- _WORK ORDER_: In the entries that follow, find each line with the word "werden" and copy it.

[RECORD EXTRACTS]

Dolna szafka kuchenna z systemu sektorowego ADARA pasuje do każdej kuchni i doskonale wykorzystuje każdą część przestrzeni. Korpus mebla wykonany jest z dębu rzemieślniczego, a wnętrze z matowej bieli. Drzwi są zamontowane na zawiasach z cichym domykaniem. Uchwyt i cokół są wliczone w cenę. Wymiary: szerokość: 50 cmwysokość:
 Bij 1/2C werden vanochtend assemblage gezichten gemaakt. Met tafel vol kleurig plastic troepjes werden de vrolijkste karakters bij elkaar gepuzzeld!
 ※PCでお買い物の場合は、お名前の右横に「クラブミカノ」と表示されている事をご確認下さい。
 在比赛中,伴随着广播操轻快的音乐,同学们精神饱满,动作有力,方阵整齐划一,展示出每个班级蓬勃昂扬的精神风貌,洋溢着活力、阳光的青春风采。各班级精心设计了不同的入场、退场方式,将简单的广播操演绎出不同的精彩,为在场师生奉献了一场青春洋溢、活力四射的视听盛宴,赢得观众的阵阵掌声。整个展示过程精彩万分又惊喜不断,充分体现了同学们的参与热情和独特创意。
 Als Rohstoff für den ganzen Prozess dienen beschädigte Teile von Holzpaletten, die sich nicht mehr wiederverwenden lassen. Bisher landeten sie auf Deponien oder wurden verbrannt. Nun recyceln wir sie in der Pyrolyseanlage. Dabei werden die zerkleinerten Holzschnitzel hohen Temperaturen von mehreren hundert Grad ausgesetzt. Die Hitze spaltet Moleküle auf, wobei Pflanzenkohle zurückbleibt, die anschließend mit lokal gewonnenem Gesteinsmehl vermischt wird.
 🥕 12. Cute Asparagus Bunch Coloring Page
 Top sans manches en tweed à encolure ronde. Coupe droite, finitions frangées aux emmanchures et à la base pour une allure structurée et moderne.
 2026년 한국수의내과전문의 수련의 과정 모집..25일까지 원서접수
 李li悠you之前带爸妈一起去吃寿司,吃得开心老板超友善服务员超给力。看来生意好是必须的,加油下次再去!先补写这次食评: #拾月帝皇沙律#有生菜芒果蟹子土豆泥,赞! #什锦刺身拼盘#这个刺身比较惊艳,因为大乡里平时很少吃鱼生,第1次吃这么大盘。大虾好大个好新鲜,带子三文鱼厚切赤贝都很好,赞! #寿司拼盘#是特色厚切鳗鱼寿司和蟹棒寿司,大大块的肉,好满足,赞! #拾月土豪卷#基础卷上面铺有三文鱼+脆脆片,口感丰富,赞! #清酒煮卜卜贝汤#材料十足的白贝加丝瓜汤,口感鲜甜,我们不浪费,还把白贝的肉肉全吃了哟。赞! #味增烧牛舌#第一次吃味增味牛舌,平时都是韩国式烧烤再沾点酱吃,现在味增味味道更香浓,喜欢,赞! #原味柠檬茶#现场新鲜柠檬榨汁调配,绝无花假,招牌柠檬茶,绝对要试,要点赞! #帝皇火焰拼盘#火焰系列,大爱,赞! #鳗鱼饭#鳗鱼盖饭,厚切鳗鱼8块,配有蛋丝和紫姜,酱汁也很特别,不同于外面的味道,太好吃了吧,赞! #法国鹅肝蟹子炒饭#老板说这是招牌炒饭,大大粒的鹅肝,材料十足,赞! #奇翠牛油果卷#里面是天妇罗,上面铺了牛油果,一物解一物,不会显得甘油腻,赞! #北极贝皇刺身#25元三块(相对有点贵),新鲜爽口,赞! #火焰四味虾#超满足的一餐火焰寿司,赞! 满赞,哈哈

[/RECORD EXTRACTS]

- _EXERCISE OUTPUT_:
 Bij 1/2C werden vanochtend assemblage gezichten gemaakt. Met tafel vol kleurig plastic troepjes werden de vrolijkste karakters bij elkaar gepuzzeld!
 Als Rohstoff für den ganzen Prozess dienen beschädigte Teile von Holzpaletten, die sich nicht mehr wiederverwenden lassen. Bisher landeten sie auf Deponien oder wurden verbrannt. Nun recyceln wir sie in der Pyrolyseanlage. Dabei werden die zerkleinerten Holzschnitzel hohen Temperaturen von mehreren hundert Grad ausgesetzt. Die Hitze spaltet Moleküle auf, wobei Pflanzenkohle zurückbleibt, die anschließend mit lokal gewonnenem Gesteinsmehl vermischt wird.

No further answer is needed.